Directions:
Should pictures appear among the records, leave them out, and copy exactly only the lines from the first through the one with "Picking list is", inclusive.

(Source data)

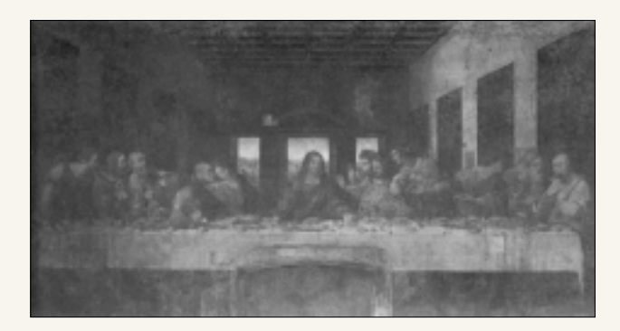
Leonardo da Vinci, The Last Supper , 1498, fresco in the convent of Santa Maria delle Grazie. Milon, 15 x 29 feet

Prime Minister Yitzhak Rabin by a right-wing Israeli, a traumatic event that disrupted a promising peace process and revealed vast rifts in Israeli society, intensified the nation's soulsearching. Nes' Soldiers Series simultaneously illuminates the spectrum of masculine identity and investigates the mythology of one of the bedrock institutions of Israel.
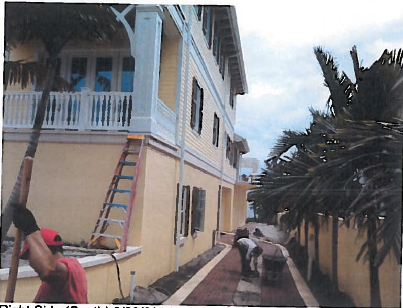
Right Side (South) 3/30/2014
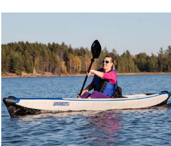
SEA EAGLE RAZORLITE 393RL KAYAK
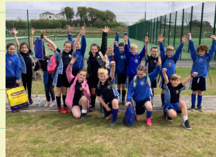
Year 3/4 Football at St Benedicts
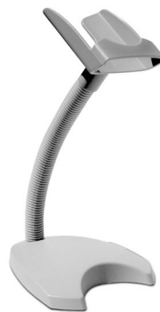
Gooseneck Tabletop Stand
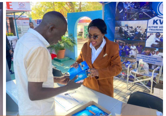
KVTC INTERACTS WITH INDIVIDUALS VISITING THE EXHIBITION STAND
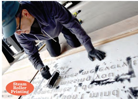
Steam Roller Printing

Join the Puppeteers Cooperative to make colorful swimming fish puppets that you can march with in The Mermaid Promenade. There will also be the opportunity to learn about and try on professionally made puppets that you can wear in the parade while marching with The Puppeteers Cooperative. puppetco-op.org
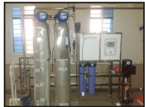
R O System with Remote Monitoring
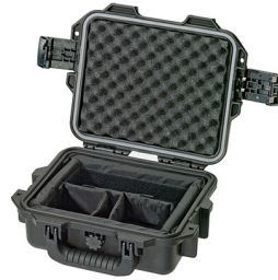
iM2050-X0002 With Padded Dividers
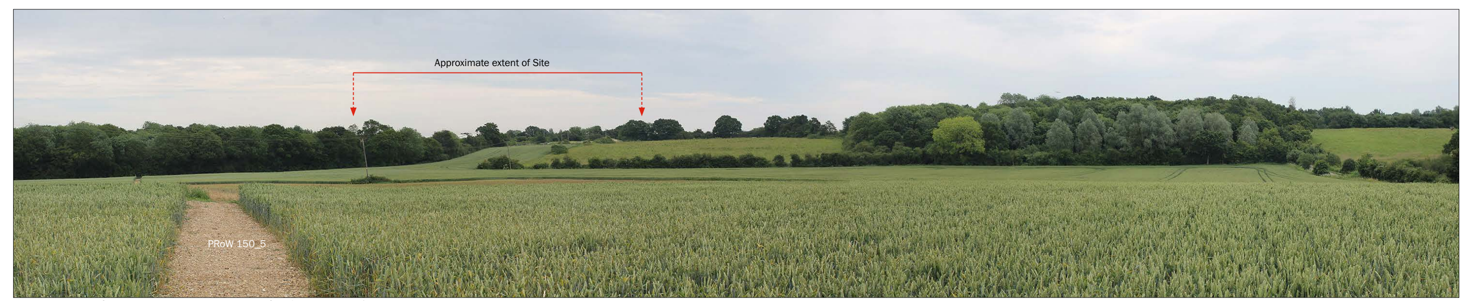
Photo Location 16: View looking east towards the Site from PRoW 150_5.
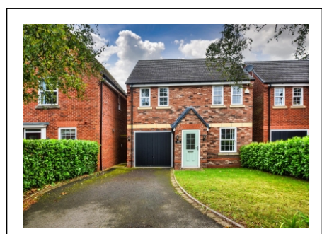
Eden House, Wombourne Road, Swindon, Dudley
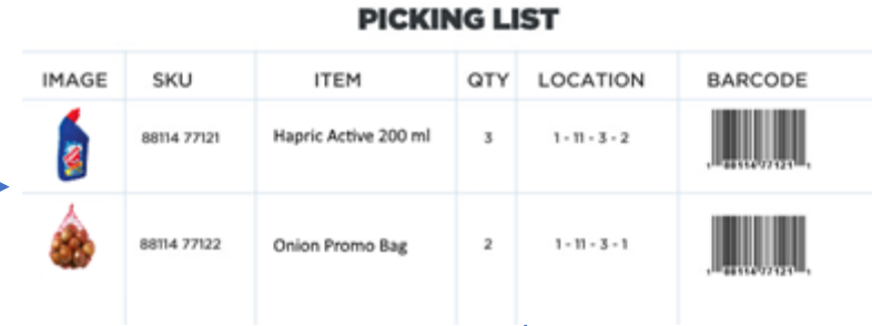
Picking list is generated at the appropriate store

Light customization may be required for multiple w/h locations
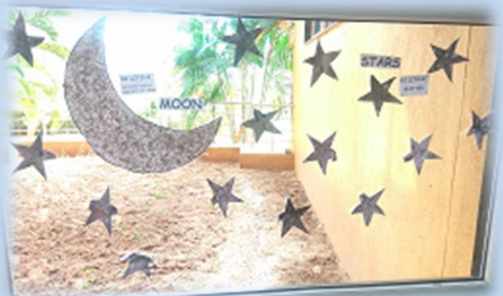
White world is glittering
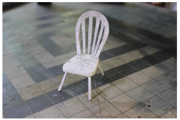
There are many, many methods for finishing the details, but for this introduction I would encourage

Once you have cut out the pieces, it is time to assemble your furniture. Use the appropriate glue for the materials you are using. I use tacky glue most often: it is affordable, easily obtainable, grabs quickly and works on all paper and wood surfaces.
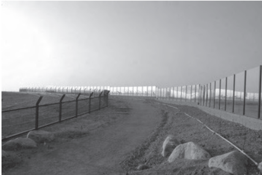
The "Wall of Death" stretches for more than 4,400 feet and is responsible for numerous bird deaths at Bolsa Chica.

Hearthside Homes has built a 4,400-foot long plexiglass wall dubbed "The Wall of Death" at the Brightwater development adjacent to the public trail west of the project. The five-foot high panes are part of a wall that is in some places seven feet tall.
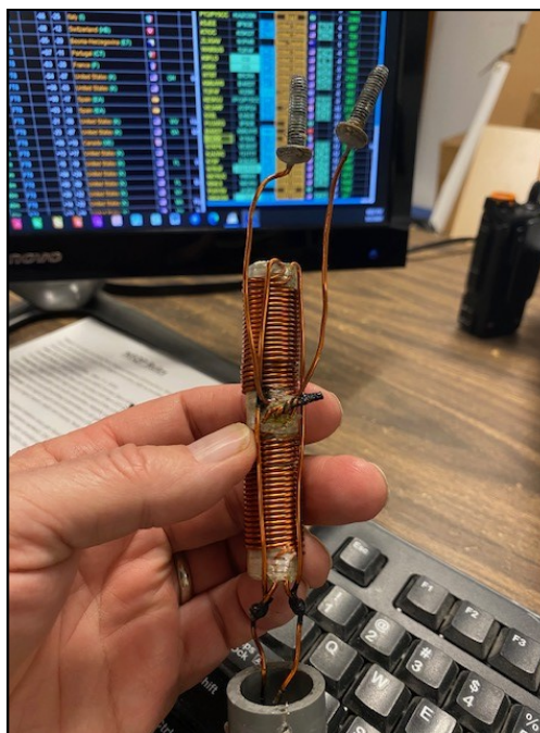
Burned coil from OCF dipole
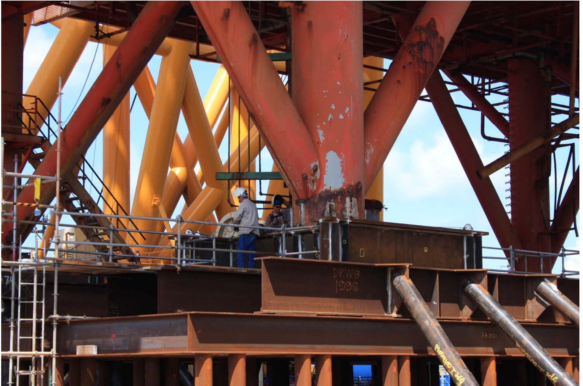
Welders immediately board the barge and begin the work of sea-fastening the topside.
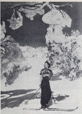
SKOW IN AUSTRALIA.—In light snow the skiers of many nations a recent fall on Mount Hotham (Victoria) that it hung like cotton wool on trees and shrubs. The skier, of course, is incidental.
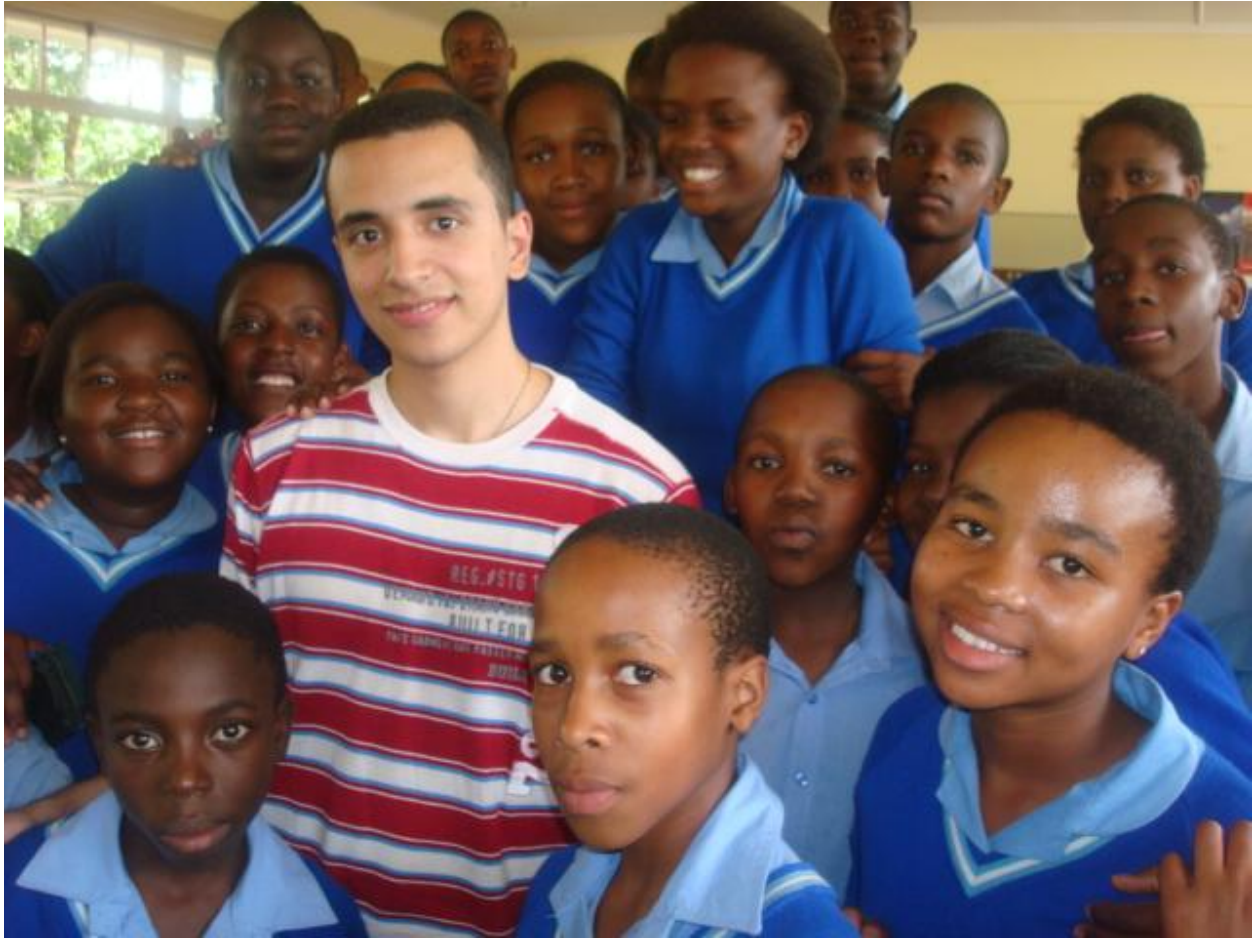
(Pupils and their Master! – Keeping hope alive!)

Solution:
Leonardo da Vinci, The Last Supper , 1498, fresco in the convent of Santa Maria delle Grazie. Milon, 15 x 29 feet

Prime Minister Yitzhak Rabin by a right-wing Israeli, a traumatic event that disrupted a promising peace process and revealed vast rifts in Israeli society, intensified the nation's soulsearching. Nes' Soldiers Series simultaneously illuminates the spectrum of masculine identity and investigates the mythology of one of the bedrock institutions of Israel.
Right Side (South) 3/30/2014
SEA EAGLE RAZORLITE 393RL KAYAK
Year 3/4 Football at St Benedicts
Gooseneck Tabletop Stand
KVTC INTERACTS WITH INDIVIDUALS VISITING THE EXHIBITION STAND
Steam Roller Printing

Join the Puppeteers Cooperative to make colorful swimming fish puppets that you can march with in The Mermaid Promenade. There will also be the opportunity to learn about and try on professionally made puppets that you can wear in the parade while marching with The Puppeteers Cooperative. puppetco-op.org
R O System with Remote Monitoring
iM2050-X0002 With Padded Dividers
Photo Location 16: View looking east towards the Site from PRoW 150_5.
Eden House, Wombourne Road, Swindon, Dudley
Picking list is generated at the appropriate store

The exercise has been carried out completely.